Adjust calculations accordingly.
Divide wall width by roll width (typically 20.5 inches) to determine strips needed, then divide wall height by roll length accounting for pattern repeat.
Multiply strips by adjusted height, divide by roll length.
A standard double roll contains 56 square feet total but provides only 27-30 usable square feet after accounting for trimming waste, pattern matching, and installation cuts.
Calculators use usable coverage for accurate estimates.
Always order at least one extra roll beyond calculated needs.
Dye lots vary between production runs, making future matching impossible. Extra material covers mistakes, damage, and future repairs without color mismatches.
Most calculators work for standard residential wallpaper with typical roll dimensions and pattern types.
Commercial-width wallpaper, pre-cut panels, or unusual roll sizes require specialized calculations or manual adjustments to standard formulas.
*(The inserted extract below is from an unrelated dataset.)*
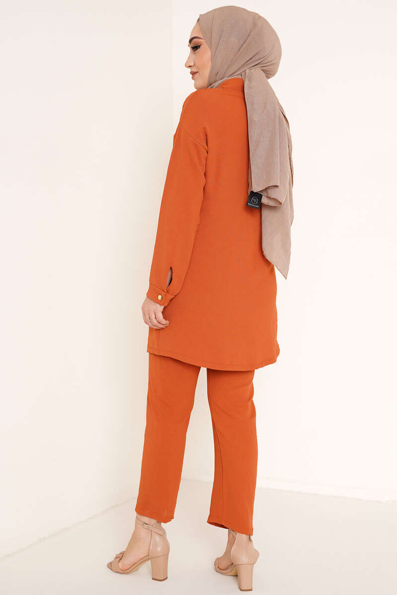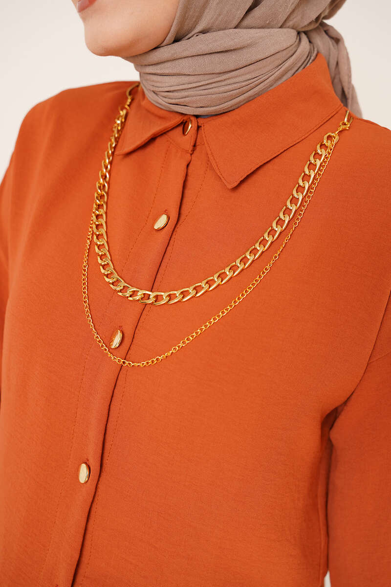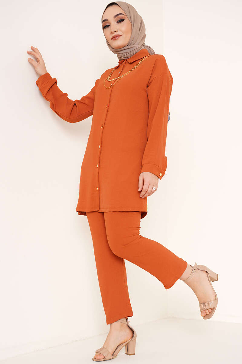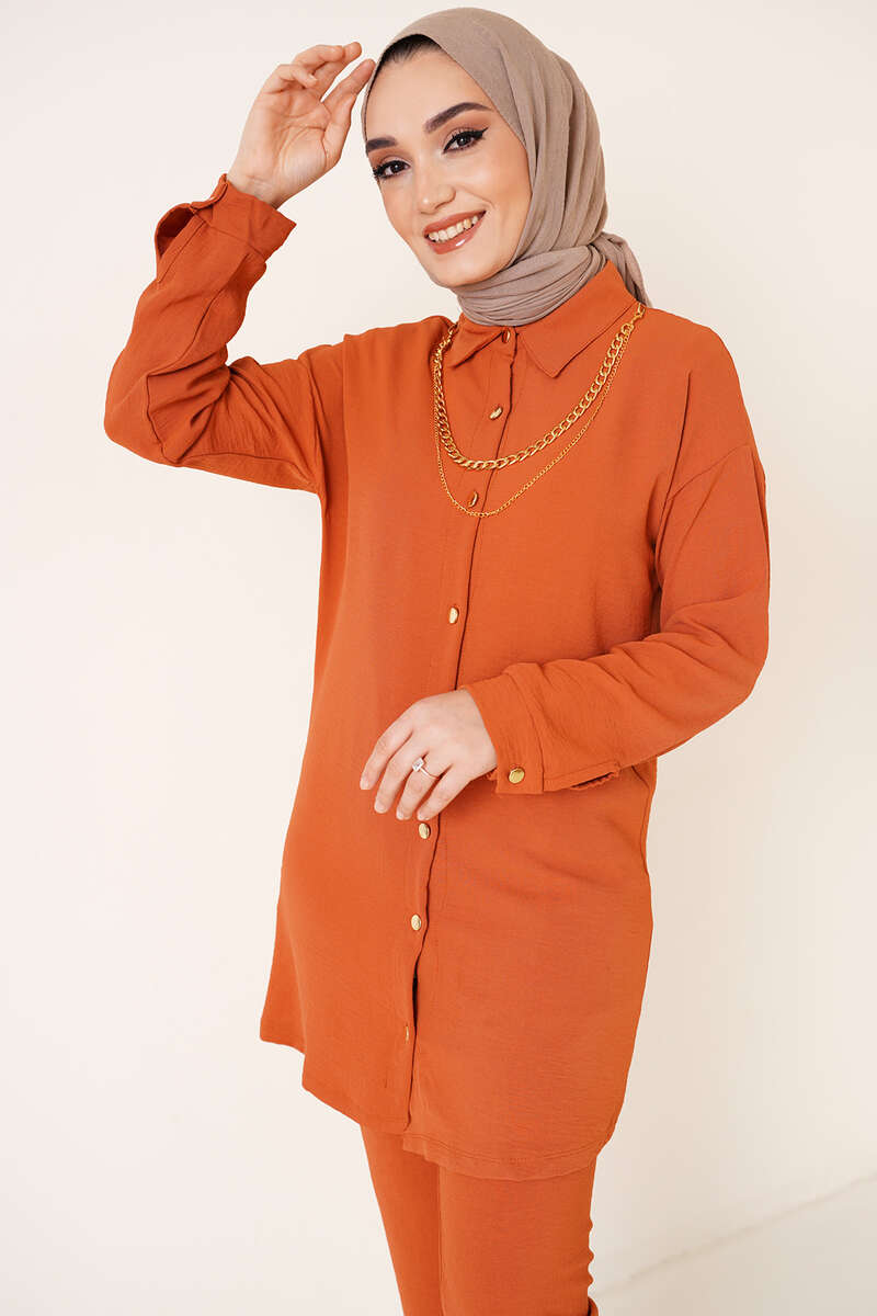 Yeni sezon ayrobin ikili takım günlük şıklığınızı arttıracak. İkili takımımızn tuniği zincir kolyelidir. Kolyesi çıkarılıp takılabilmektedir. Düğmeleri de zincirle uyumlu renktedir. Düşük omuz model olan tuniğimiz klasik yakadır. İkili takımımızın pantolonu bel lastiklidir. Cepsiz modeldir.

Online calculators provide reliable estimates for standard rectangular rooms with typical ceiling heights and straight walls.
Complex room shapes, angled walls, or unusual architectural features may need professional assessment beyond automated tool capabilities.
Single rolls measure approximately 16.5 feet long while double rolls measure 33 feet long, both at standard 20.5-inch width.
Double rolls are industry standard because they reduce seams and waste compared to using multiple single rolls.